I have always gleaned from your work a sense of permission to create my own rules and that I can be whole and seen without being a mother. Was that your intention?

Yes. All women should have that option. We pay a lot of lip service to choices, but if 86 percent of women are doing the same thing, is it really a choice? Especially when you consider that just over 60 percent of men are fathers. I very much wonder why this is. Is it because biologically women have an incredible urge to have a child, or is it because of other factors? After all, traditionally, and in many cultures still, having a child is a woman’s only option for accessing money, goods and services.

Have you ever felt a responsibility or a weight from being a voice for the women who choose not to have children?

No. It’s something every woman has to decide for herself.

To the person reading this who has decided to not have children but feels judgment for her decision, what do you say?

It's about believing in yourself and your convictions.

Women tend to know whether they want to have kids. Because I’m child-free, I have friends who are not mothers and I've never heard one child-free woman say that she regrets not having kids. For me, having kids would have been giving in to what society tells women they have to do. So not having kids is being brave. It takes guts to do something different than what everybody else is doing. It gives you a chance to explore so many other aspects of life.

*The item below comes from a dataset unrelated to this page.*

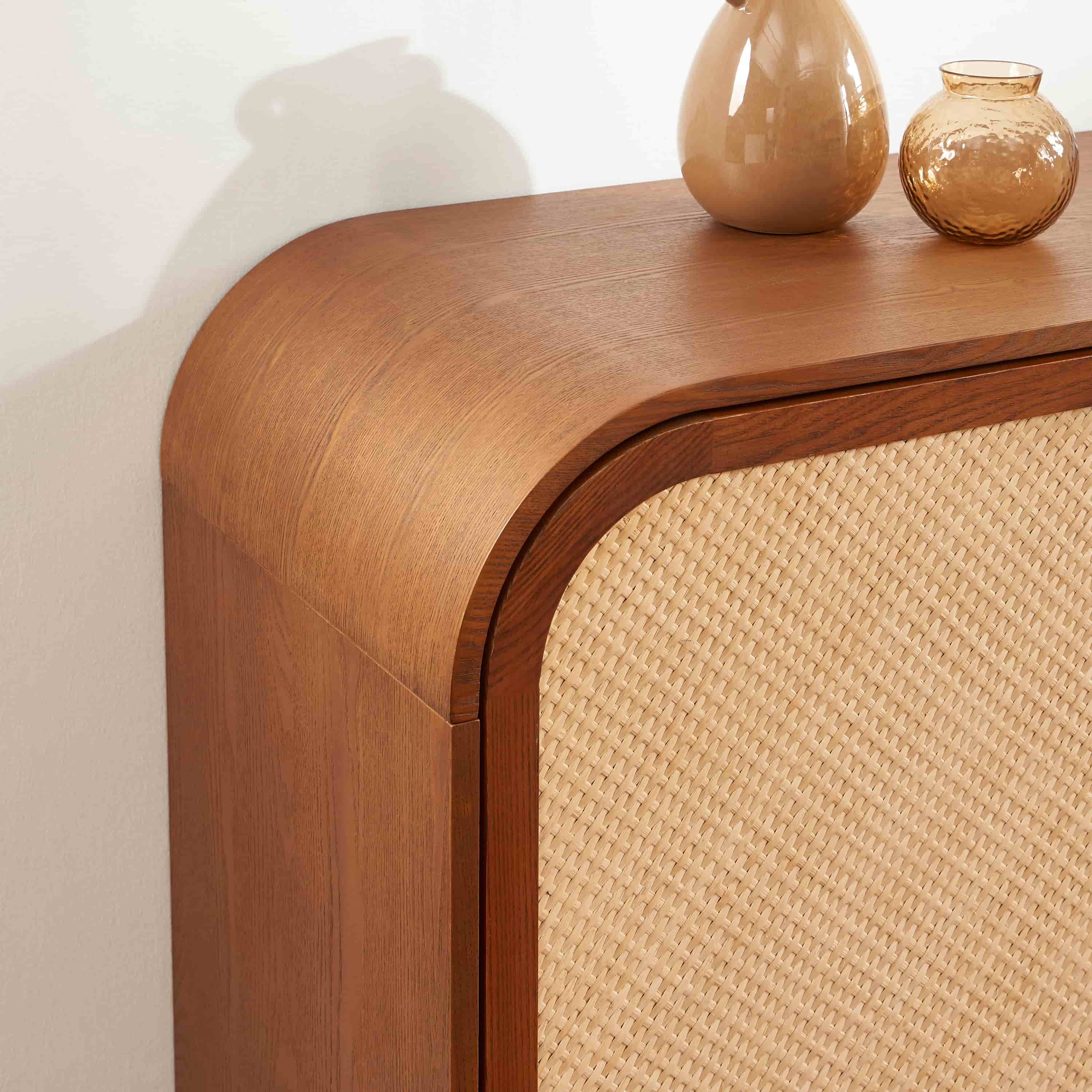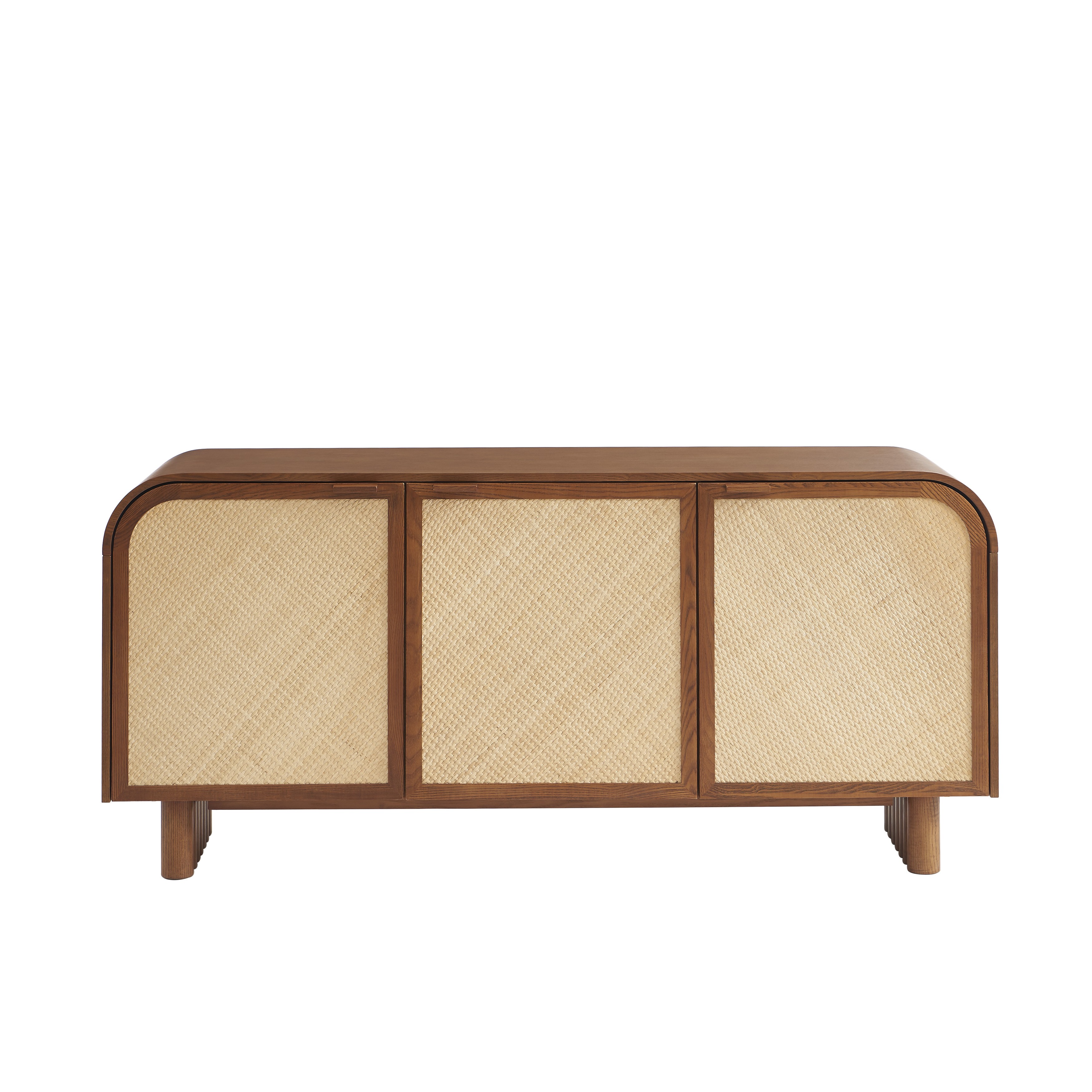 Das 3-türige LUA Buffet ist dank seines Designs und seiner edlen Materialien eine echte Bereicherung für Ihr Zuhause. Aus robustem MDF mit Eschenfurnier gefertigt, vereint dieses Sideboard die Authentizität von Naturholz mit der Eleganz von Rohrgeflecht. Das Design und die Verarbeitung machen es zur idealen Wahl für eine moderne und warme Einrichtung.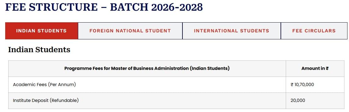 The average placement package has risen to nearly 15 lakh INR per annum, with the highest at 24 lakhs and a median of 15 lakhs. Students secure summer internships from the first semester, achieving 100% placements with an average stipend of 45,000 INR. Notable companies like Credit Suisse, JP Morgan, and ITC recruit for roles in marketing, finance, and more. The Full-time MBA program costs approximately 20 lakh INR over two years.

And the fact of the matter is we need both in our society. We need all kinds of people. I feel that we should be rewarding women for not having children and for making contributions in other ways. That is such a radical idea and it's shocking to me that it is a radical idea, but we really should celebrate women for saying, ‘Hey, you know what? I am CEO and guess what? I don't have kids.’ I think that in the future more women will be child-free.